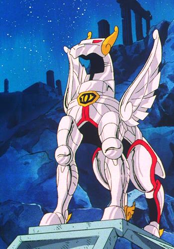En contraste con los anteriores el Cloth de Pegaso V1 tiene las cuatro patas firmemente plantadas en el suelo y ello es así porque el caballero (Knight) regresó a salvo de la batalla. Colorización de Jaxom (Francia) Curiosamente, el simbolismo de las patas del caballo no se aprecia en la forma Object de la Cloth de Centauro, pero es respetado con las patas delanteras levantadas de la Cloth de Auriga en forma Object, pues Capella murió en su combate contra Ikki. En definitiva, según la simbología de las estatuas ecuestres, un caballo con una pata levantada significa la muerte del caballero como consecuencia de las heridas y un caballo con dos piernas elevadas significa la muerte del caballero en batalla. En base a estos parámetros se hace difícil encontrar un significado en los Object de la Scale de Seahorse y el God Robe de Merak, que representa al caballo de ocho patas de Odín, Sleipnir.
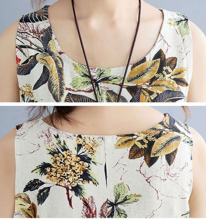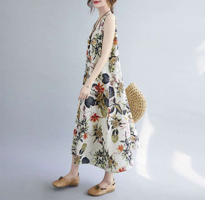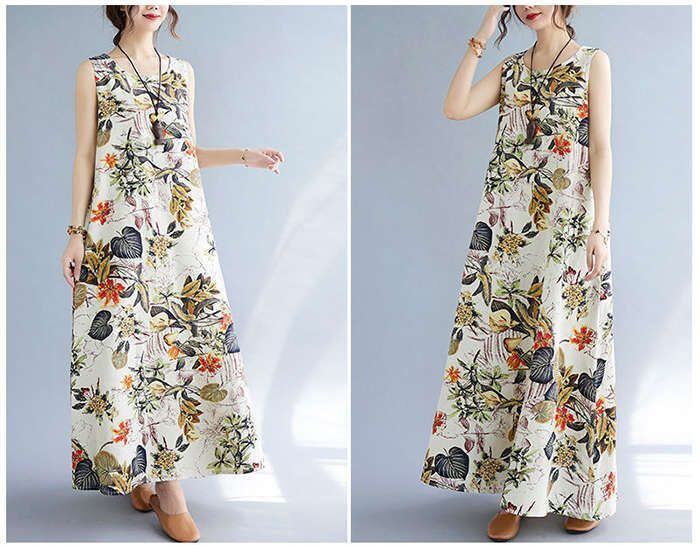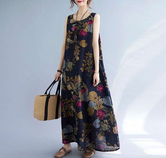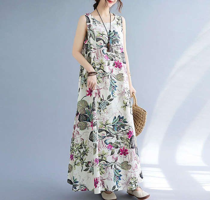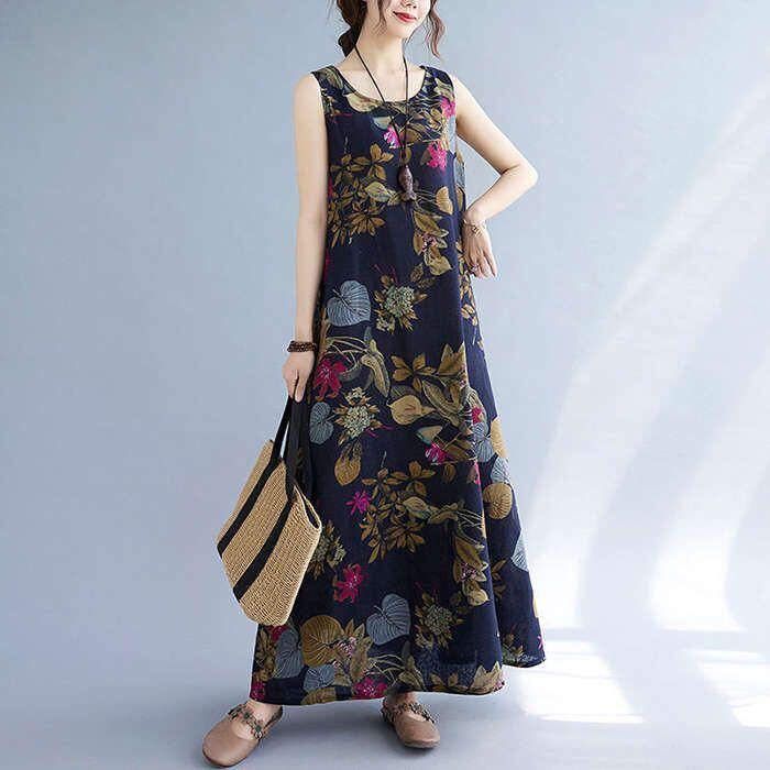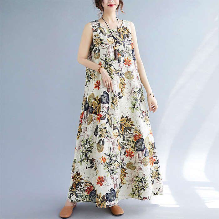 マキシワンピース ワンピース ロングワンピ ノースリーブワンピース 綿麻 リネン レディース 花柄 ロングワンピ チュニック マキシ丈 体型
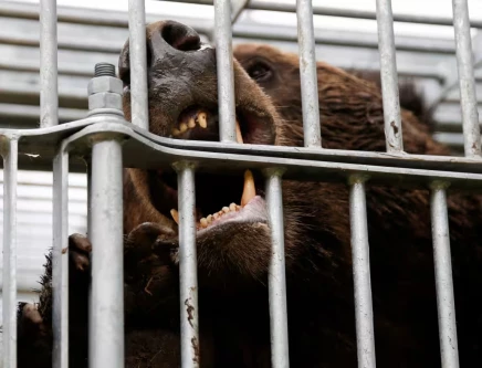 A trapped brown bear in Sunagawa, Hokkaido prefecture. Authorities in Akita prefecture meanwhile say bear sightings have jumped six-fold this year to more than 8,000. Photo: Reuters
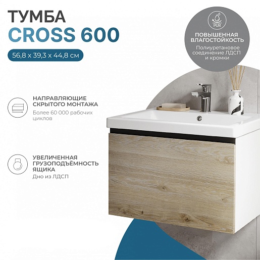 Vigo Тумба под раковину Cross 600-0-1 подвесная дуб давос натуральный
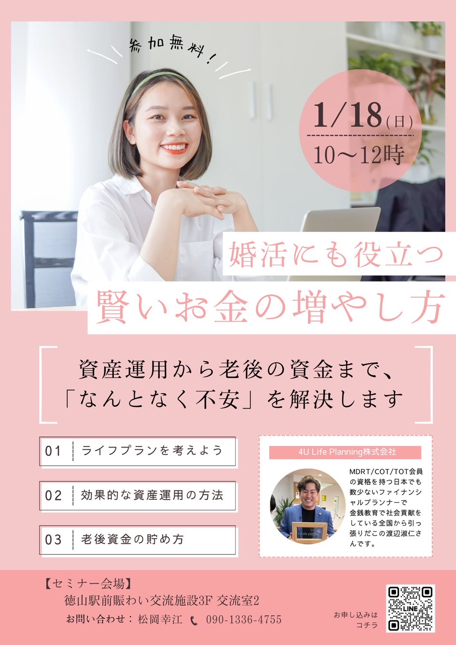 婚活にも役に立つ賢いお金の増やし方 来る1/18(日)10~12時 徳山駅前賑わい交流施設3階 交流室2 で 「婚活にも役に立つ賢いお金の増やし方」と題して …
================
* _What you need to do_: Copy the records above exactly. Do not carry any picture into the copy.

* _Expected output_:
En contraste con los anteriores el Cloth de Pegaso V1 tiene las cuatro patas firmemente plantadas en el suelo y ello es así porque el caballero (Knight) regresó a salvo de la batalla. Colorización de Jaxom (Francia) Curiosamente, el simbolismo de las patas del caballo no se aprecia en la forma Object de la Cloth de Centauro, pero es respetado con las patas delanteras levantadas de la Cloth de Auriga en forma Object, pues Capella murió en su combate contra Ikki. En definitiva, según la simbología de las estatuas ecuestres, un caballo con una pata levantada significa la muerte del caballero como consecuencia de las heridas y un caballo con dos piernas elevadas significa la muerte del caballero en batalla. En base a estos parámetros se hace difícil encontrar un significado en los Object de la Scale de Seahorse y el God Robe de Merak, que representa al caballo de ocho patas de Odín, Sleipnir.
 マキシワンピース ワンピース ロングワンピ ノースリーブワンピース 綿麻 リネン レディース 花柄 ロングワンピ チュニック マキシ丈 体型
 A trapped brown bear in Sunagawa, Hokkaido prefecture. Authorities in Akita prefecture meanwhile say bear sightings have jumped six-fold this year to more than 8,000. Photo: Reuters
 Vigo Тумба под раковину Cross 600-0-1 подвесная дуб давос натуральный
 婚活にも役に立つ賢いお金の増やし方 来る1/18(日)10~12時 徳山駅前賑わい交流施設3階 交流室2 で 「婚活にも役に立つ賢いお金の増やし方」と題して …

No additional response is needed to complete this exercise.